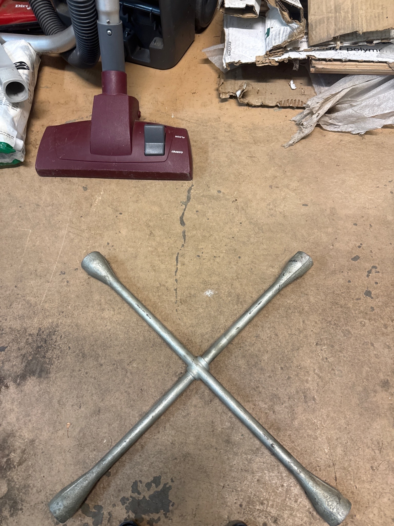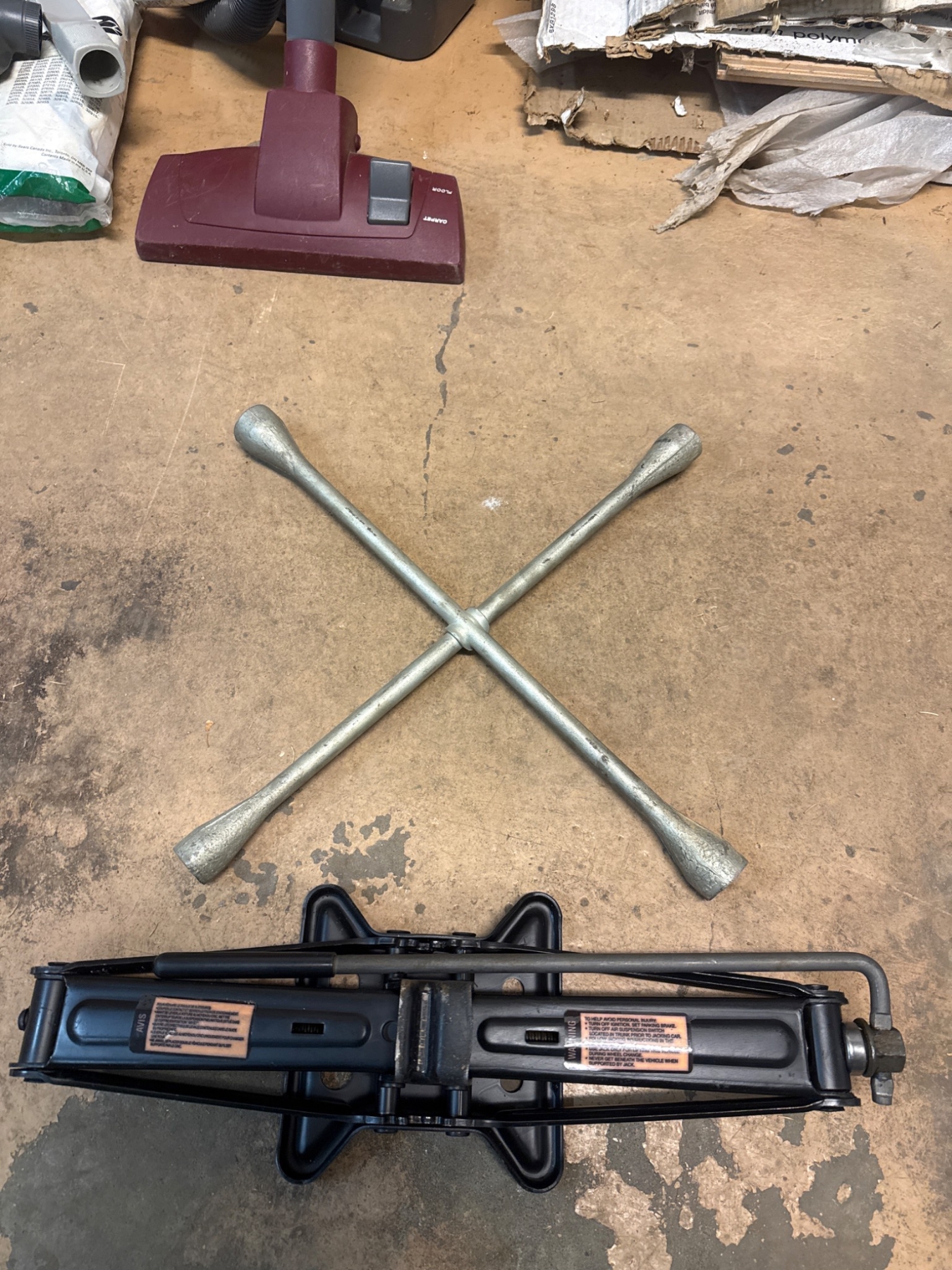 A steel cross wrench measuring approximately 18 inches in length, ideal for loosening or tightening lug nuts, and a compact metal floor jack, approximately 18 inches long when fully closed, suited for lifting vehicles. Both items show signs of prior use, consistent with automotive utility. Designed for durability and essential for car maintenance needs.
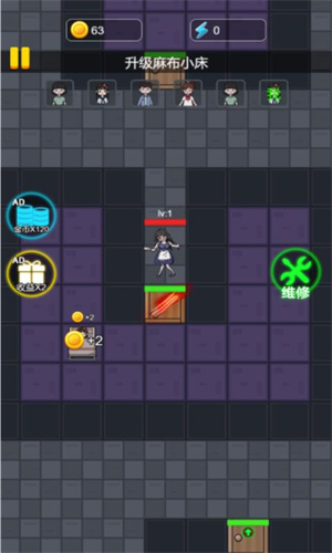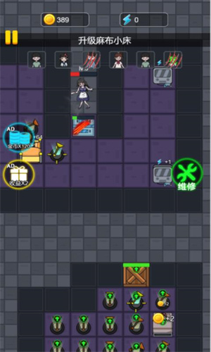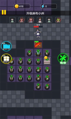 5、在房间内合理建造防御塔,用各种建筑设施提高防御力攻击力,抵御门外的猛鬼攻击,努力生存到最后。
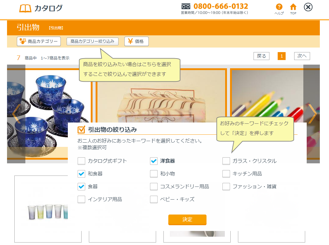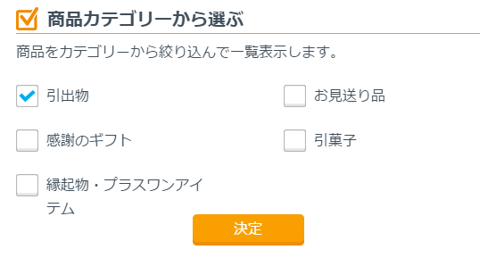 引出物を選択するには、「商品カテゴリー」から探したい商品のカテゴリーを選択します。ご希望のカテゴリーにチェックして(複数選択可能)から「決定」を押すと、選択したカテゴリーの商品が表示されます。
------
> _Problem to work on_: Give back the data exactly. Pictures stay out.

> _Solution to this task_:
 A steel cross wrench measuring approximately 18 inches in length, ideal for loosening or tightening lug nuts, and a compact metal floor jack, approximately 18 inches long when fully closed, suited for lifting vehicles. Both items show signs of prior use, consistent with automotive utility. Designed for durability and essential for car maintenance needs.
 5、在房间内合理建造防御塔,用各种建筑设施提高防御力攻击力,抵御门外的猛鬼攻击,努力生存到最后。
 引出物を選択するには、「商品カテゴリー」から探したい商品のカテゴリーを選択します。ご希望のカテゴリーにチェックして(複数選択可能)から「決定」を押すと、選択したカテゴリーの商品が表示されます。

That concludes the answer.